Freitagabend hatten L. und ich Karten fürs Burgtheater. Es war einer der ersten richtig warmen Tage des Jahres und wir beschlossen, vorher ins Landtmann zu gehen, draußen zu sitzen, Suppe zu essen und uns mit Aperol abzufüllen. Harhar. Der Aperol war sehr stark, praktisch oder auch tatsächlich ohne Soda, wir torkelten dann ein bisschen ins Theater, was eh nicht so schlimm war, weil das direkt neben dem Landmann liegt.
Wir sahen Die Ärztin von Robert Icke. “Sehr frei”, wie es hieß “nach Professor Bernhardi von Arthur Schnitzler”. Professor Bernhardi aus dem Jahr 1912 ist eines der wenigen Werke von Schnitzler, das sich nicht mit der Psychologie von menschlichen Beziehungen (plus Duellen etc) beschäftigt, sondern mit Religion, Antisemitismus und Diskriminierung. Der jüdische Arzt Bernhardi verweigert einem katholischen Priester den Besuch einer (aufgrund einer missglückten Abtreibung) sterbenden jungen Frau, weil er sie in ihren letzten Minuten nicht in Panik vor dem Tod versetzen will. Die ganze Situation wird nach dem Ableben der Frau von Konkurrenten und Politik instrumentalisiert, die Motive von Bernhardi werden als religiös motiviert kritisiert, während er seine Entscheidung als rein humanistisch begründet rechtfertigt.
Bei Icke ist Bernhardi eine jüdische lesbische Frau, die Ärzteschaft ist divers, wobei die POC im Ensemble die Weißen spielen und die Weißen die POC, ein männlicher Darsteller ist eigentlich eine Frau und insofern könnte das Stück ja nicht zeitgenössischer sein, weil das Spiel mit den Identäten und die Wahl solcher ja der letzte heiße Scheiß ist. Ich bin ja nicht so ein Fan der Idee von 72 verschiedenen Geschlechtern, die man im Zweifel jährlich wechseln kann, aber im Stück funktioniert dieses Spiel schon ganz gut, weil es irritiert und zum Nachdenken anregt. Ich mag außerdem an dem Stück, dass es letztendlich wesentlich unplaktiver daherkommt, als man vermuten könnte und weil es sich eindeutiger Antworten verweigert.
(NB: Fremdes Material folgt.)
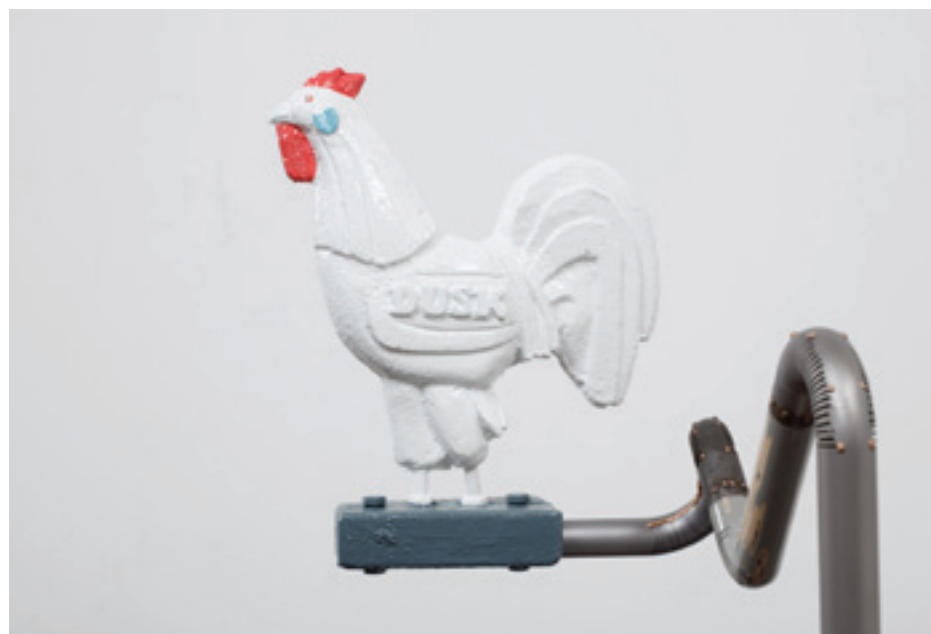
(above) Apricots (detail), 2021. Courtesy: the artist, The Approach, London and Fons Welters, Amsterdam. Photography: Robert Glowacki

Denn: Hat die Ärztin wirklich nur aus Empathie mit einer Sterbenden so gehandelt wie sie gehandelt hat? Oder hat sie, weil selbst säkulare Jüdin, zwar nicht dem Priester aufgrund der anderen Religion den Einlass verweigert, wohl aber deshalb, weil sie Religion insgesamt als unbedeutend im Leben ansieht? Und weil sie selbst, wäre sie an der Stelle des Mädchens gewesen, jegliche religöse Begleitung während ihrer letzten Minuten zutiefst verabscheut hätte? Ist sie wirklich nur und primär Ärztin, wie sie selbst sagt? Und: Geht es ihren Gegnern wirklich um das Schicksal des Mädchens oder ist der Vorfall nicht eher eine willkommene Gelegenheit für ihre Konkurrenten, ihre Karriere und ihren Einfluss zu beschneiden und sich selbst eine bessere Position zu verschaffen? Viel Stoff zum Nachdenken.
Im Juni nochmal am Burgtheater zu sehen (unbezahlte Werbung).